MATERIAL TO PROCESS
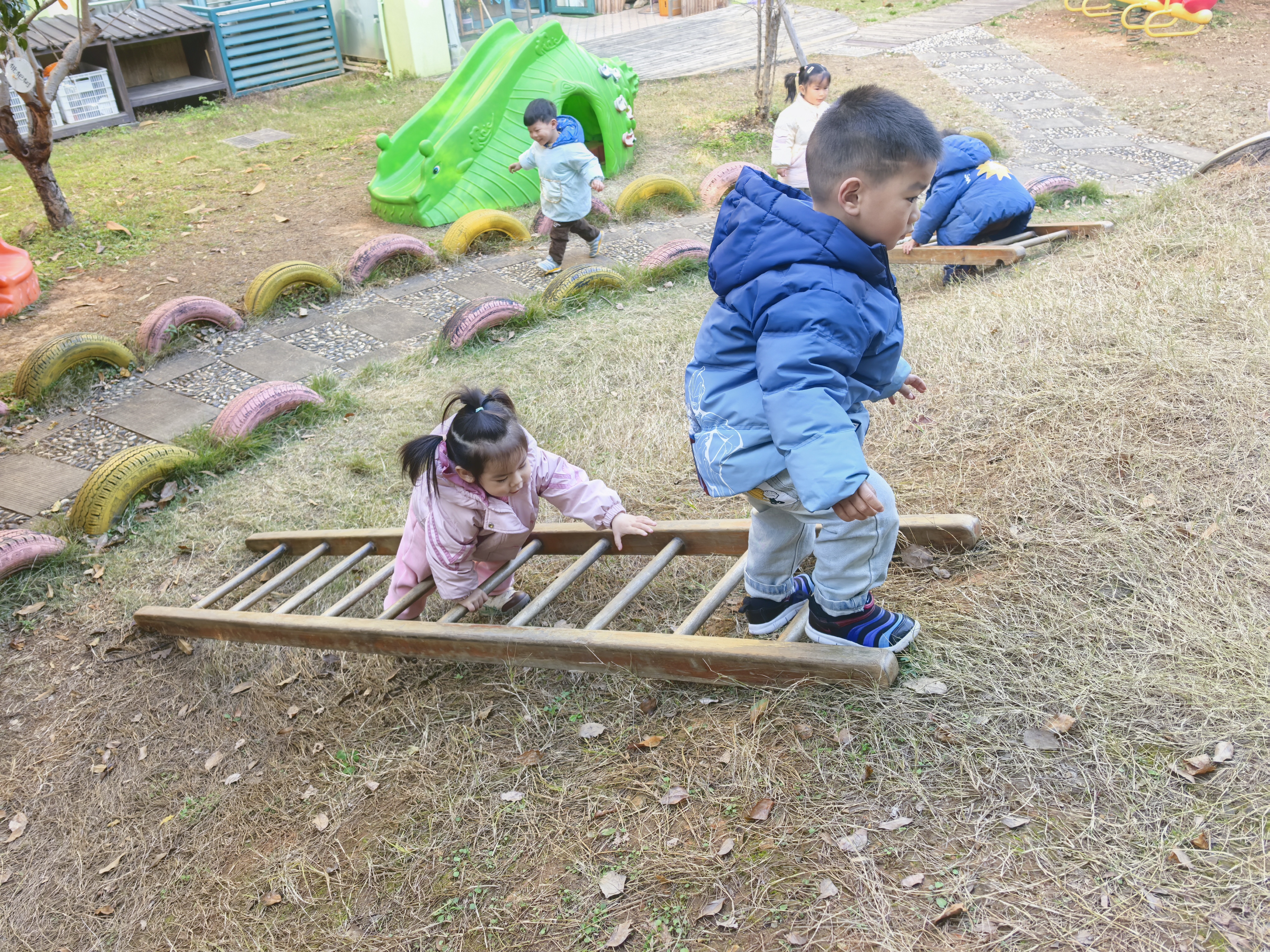 幼儿园户外场,萌娃们撒欢啦:木梯成“挑战台”,小女孩手脚并用地爬,男孩稳稳迈步;一旁轮胎小径、绿色滑梯候场,笑声裹着冬日暖阳,把户外时光酿成甜甜的快乐。
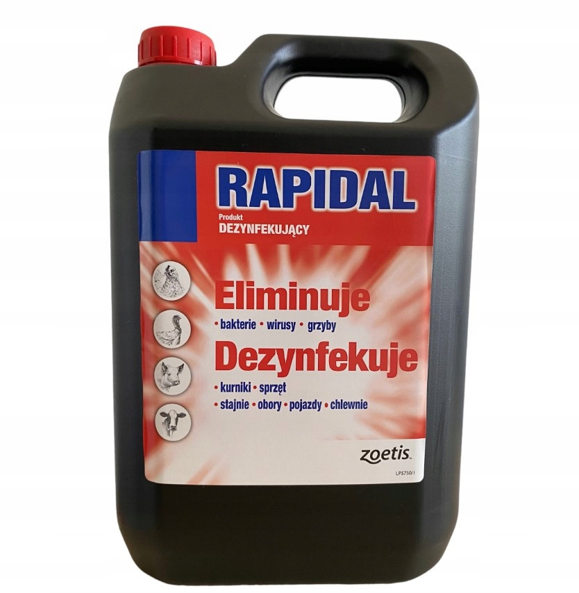 Rapidal to środek w 5L baniaku przeznaczony do dezynfekcji powierzchni I pomieszczeń, w których przebywają zwierzęta gospodarskie oraz sprzętów mających związek z pobytem lub transportem zwierząt. Ze względu na szerokie spektrum działania Rapidal może pełnić również rolę detergentu i służyć do mycia różnego rodzaju powierzchni.
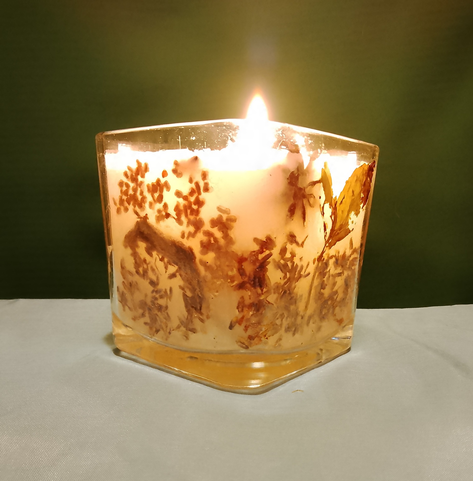 Candles are made with premium paraffin wax for a longer burn time. All botanicals such as herbs, flowers, spices and zests are organic and earth-grown. Candles are unique from each other as each is crafted individually by hand. Candles must be lit once to activate them. To activate your candle's intention (Joy, Prosperity, etc.), you must light it once. After this initial lighting, your candle will continue to radiate its purpose when a stronger presence is needed, light the candle and allow it to burn for a while to amplify its energy.
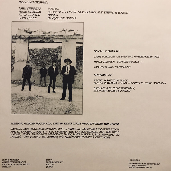 Breeding Ground rose out of East York, Toronto in 1981, a cold-wave trio built around singer John Shirreff, guitarist Hugh Gladish, and bassist Jonathan Strayer. Their earliest rehearsals took place in unfinished basements and rented practice rooms on the east side, with original drummer Ken Jones reportedly living out of a van parked in the driveway, ready to play at a moment’s notice. From the beginning their sound leaned toward the darker edges of the post-punk movement: Strayer’s melodic yet driving bass lines, Gladish’s wiry, echo-drenched guitar, and Shirreff’s cool, unforced baritone created a mood that placed them in the lineage of Joy Division and early New Order, even while they were still unknown outside the local club circuit. Managed by friend David Hart, who also designed their stark stage lighting, the group hustled through what band members have described as “dozens” of shows on Toronto’s Queen Street West scene before they ever set foot in a studio.
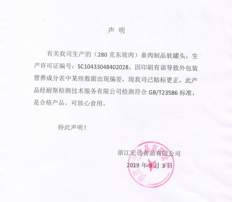 有關(guān)我司生產(chǎn)的(280克東坡肉)畜肉制品軟罐頭,生產(chǎn)許可證編號(hào):SC10433048402028,因印刷有誤導(dǎo)致外包裝營(yíng)養(yǎng)成分表中某些數(shù)據(jù)出現(xiàn)偏差,現(xiàn)我司已貼標(biāo)更正,此產(chǎn)品經(jīng)耐斯檢測(cè)技術(shù)服務(wù)有限公司檢測(cè)符合GB/T23586標(biāo)準(zhǔn),是合格產(chǎn)品,可放心食用。
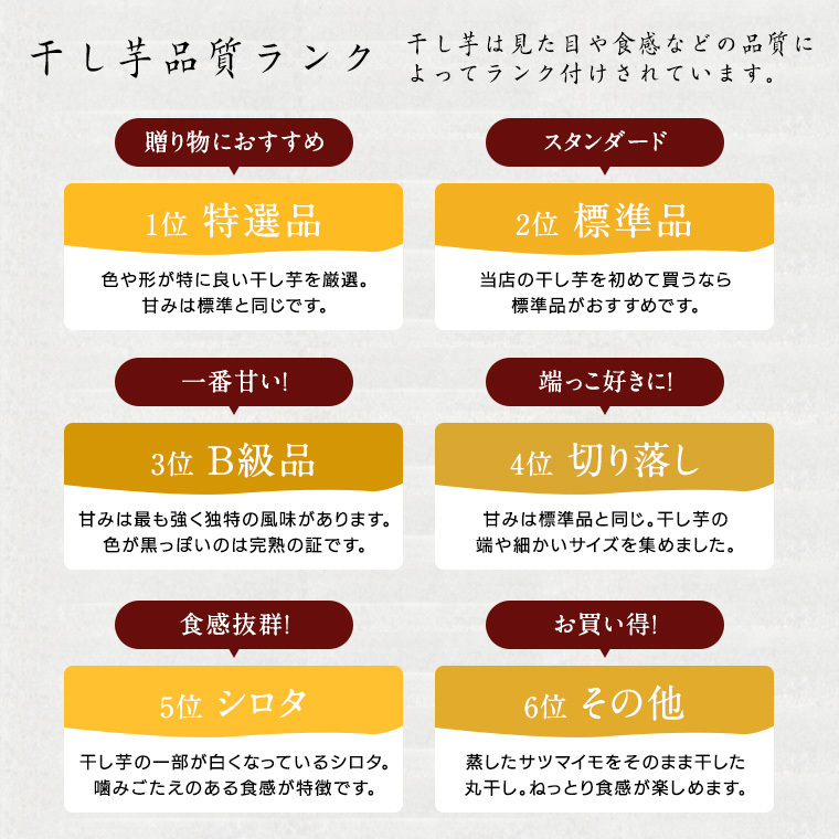 干し芋は自然食品の為、同一品種でも収穫時期、天候等により、大きさ、形、硬さ等に違いが出てしまう事があります。白い粉は干し芋に含まれる麦芽糖が結晶化したものです。芋の皮やひげ根の付着、繊維や黒ずみが見られることがありますが、いずれも品質には問題御座いませんので、ご安心してお召し上がり下さい。

EXERCISE OBJECTIVE
The answer is the listing above repeated verbatim, minus its images.

ANSWER TO THIS PROBLEM
 幼儿园户外场,萌娃们撒欢啦:木梯成“挑战台”,小女孩手脚并用地爬,男孩稳稳迈步;一旁轮胎小径、绿色滑梯候场,笑声裹着冬日暖阳,把户外时光酿成甜甜的快乐。
 Rapidal to środek w 5L baniaku przeznaczony do dezynfekcji powierzchni I pomieszczeń, w których przebywają zwierzęta gospodarskie oraz sprzętów mających związek z pobytem lub transportem zwierząt. Ze względu na szerokie spektrum działania Rapidal może pełnić również rolę detergentu i służyć do mycia różnego rodzaju powierzchni.
 Candles are made with premium paraffin wax for a longer burn time. All botanicals such as herbs, flowers, spices and zests are organic and earth-grown. Candles are unique from each other as each is crafted individually by hand. Candles must be lit once to activate them. To activate your candle's intention (Joy, Prosperity, etc.), you must light it once. After this initial lighting, your candle will continue to radiate its purpose when a stronger presence is needed, light the candle and allow it to burn for a while to amplify its energy.
 Breeding Ground rose out of East York, Toronto in 1981, a cold-wave trio built around singer John Shirreff, guitarist Hugh Gladish, and bassist Jonathan Strayer. Their earliest rehearsals took place in unfinished basements and rented practice rooms on the east side, with original drummer Ken Jones reportedly living out of a van parked in the driveway, ready to play at a moment’s notice. From the beginning their sound leaned toward the darker edges of the post-punk movement: Strayer’s melodic yet driving bass lines, Gladish’s wiry, echo-drenched guitar, and Shirreff’s cool, unforced baritone created a mood that placed them in the lineage of Joy Division and early New Order, even while they were still unknown outside the local club circuit. Managed by friend David Hart, who also designed their stark stage lighting, the group hustled through what band members have described as “dozens” of shows on Toronto’s Queen Street West scene before they ever set foot in a studio.
 有關(guān)我司生產(chǎn)的(280克東坡肉)畜肉制品軟罐頭,生產(chǎn)許可證編號(hào):SC10433048402028,因印刷有誤導(dǎo)致外包裝營(yíng)養(yǎng)成分表中某些數(shù)據(jù)出現(xiàn)偏差,現(xiàn)我司已貼標(biāo)更正,此產(chǎn)品經(jīng)耐斯檢測(cè)技術(shù)服務(wù)有限公司檢測(cè)符合GB/T23586標(biāo)準(zhǔn),是合格產(chǎn)品,可放心食用。
 干し芋は自然食品の為、同一品種でも収穫時期、天候等により、大きさ、形、硬さ等に違いが出てしまう事があります。白い粉は干し芋に含まれる麦芽糖が結晶化したものです。芋の皮やひげ根の付着、繊維や黒ずみが見られることがありますが、いずれも品質には問題御座いませんので、ご安心してお召し上がり下さい。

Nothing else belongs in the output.